The separation of program and tape

Until this point, there may remain misgivings about whether this is actually “regular expressions”. The syntax is the same, but is it really the same semantics? This section spells out a precise alternative definition of Turing machines with a clear place for the standard semantics of regular expressions (as regular languages).

Instead of applying regular expressions directly to an input string, we are using them to describe interactions between the program and the tape of a Turing machine. Then the regular expression might as well be the program.

The mechanics of Turing machines are defined traditionally via a transition relation between states. A Turing machine state is a pair (q, t) of a program state q ∈ Q (where Q is the set of states of a finite-state machine) and a tape state t ∈ 2^ℤ × ℤ (the bits on the tape and the position of the read-write head).

That “small-step” formalization of Turing machines is too monolithic for our present purpose of revealing the regular languages hidden inside Turing machines. The issue is that the communication between the program and the tape is implicit in the transition between states as program-tape pairs (q, t). We will take a more modular approach using trace semantics: the program and the tape each give rise to traces of interactions which make explicit the communication between those two components.

The standard semantics of regular expressions

The raison d’être of regular expressions is to recognize sequences of symbols, also known as strings, lists, or words. Here, we will refer to them as traces. Regular expressions are conventionally interpreted as sets of traces, reading the iteration * and choice | combinators are operations on sets.

Let A be a set of symbols; in our case A = {<, >, 0!, 1!, 0?, 1?} but the following definition works with any A. The trace semantics of a regular expression e over the alphabet A is defined inductively:

An atomic expression e ∈ A contains a single trace which is just that symbol. Trace(e) = {e} if e ∈ A
A concatenation of expressions e₁ … eₙ contains concatenations of traces of every eᵢ. Trace(e₁ … eₙ) = { t₁ … t_n ∣ ∀i, t_i ∈ Trace(eᵢ) }
An iteration (e)* contains all concatenations of traces t₁ … t_n such that each subtrace t_i is a trace of that same e. Trace((e)*) = { t₁ … t_n ∣ ∀i, t_i ∈ Trace(e) }
A choice (e₁|e₂) contains the union of traces of e₁ and e₂. Trace((e₁|e₂)) = Trace(e₁) ∪ Trace(e₂)
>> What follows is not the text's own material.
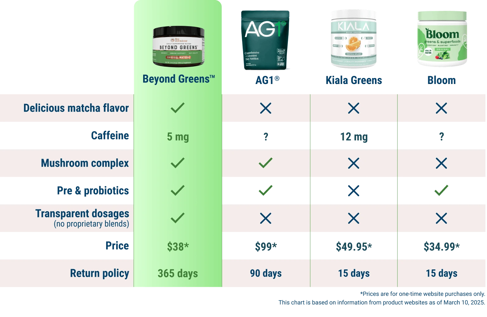 Some people may experience mild digestive discomfort when trying new supplements, including Beyond Greens. If you are sensitive, you may want to begin with a smaller dose and gradually increase to the suggested amount. That being said, Beyond Greens is generally easy to digest with few reported side effects.

Equivalently, a trace semantics can be viewed as a relation between program and trace. We write e ⊢ t, pronounced “e recognizes t”, as an abbreviation of t ∈ Trace(e). This is also for uniformity with the notation in the next section.

A core result of automata theory is that the sets of traces definable by regular expressions are the same as those definable by finite-state machines. That led to our remark that Turing machines might as well be Turing regular expressions.

The Turing machine memory model

In the semantics of regular expressions above, the meaning of the symbols (<, >, etc.) is trivial: a symbol in a regular expression denotes itself as a singleton trace. In this section, we will give these symbols their natural meaning as “operations on a tape”. The tape is the memory model of Turing machines. Memory models are better known in the context of concurrent programming languages, as they answer the question of how to resolve concurrent writes and reads.

The tape carries a sequence of symbols extending infinitely in both directions. A head on the tape reads one symbol at a time, and can move left or right, one symbol at a time. Addresses on the tape are integers, elements of ℤ. A tape state is a pair (m, i) ∈ 2^ℤ × ℤ: the memory contents is m ∈ 2^ℤ (note 2^ℤ = ℤ → {0, 1}) and the position of the head is i ∈ ℤ. The behavior of the tape is defined as a ternary relation pronounced “(m, i) steps to (m′, i′) with trace t”, written:

(m, i) ⇝ (m′, i′) ⊢ t

It is defined by the following rules. We step left and right by decrementing and incrementing the head position i.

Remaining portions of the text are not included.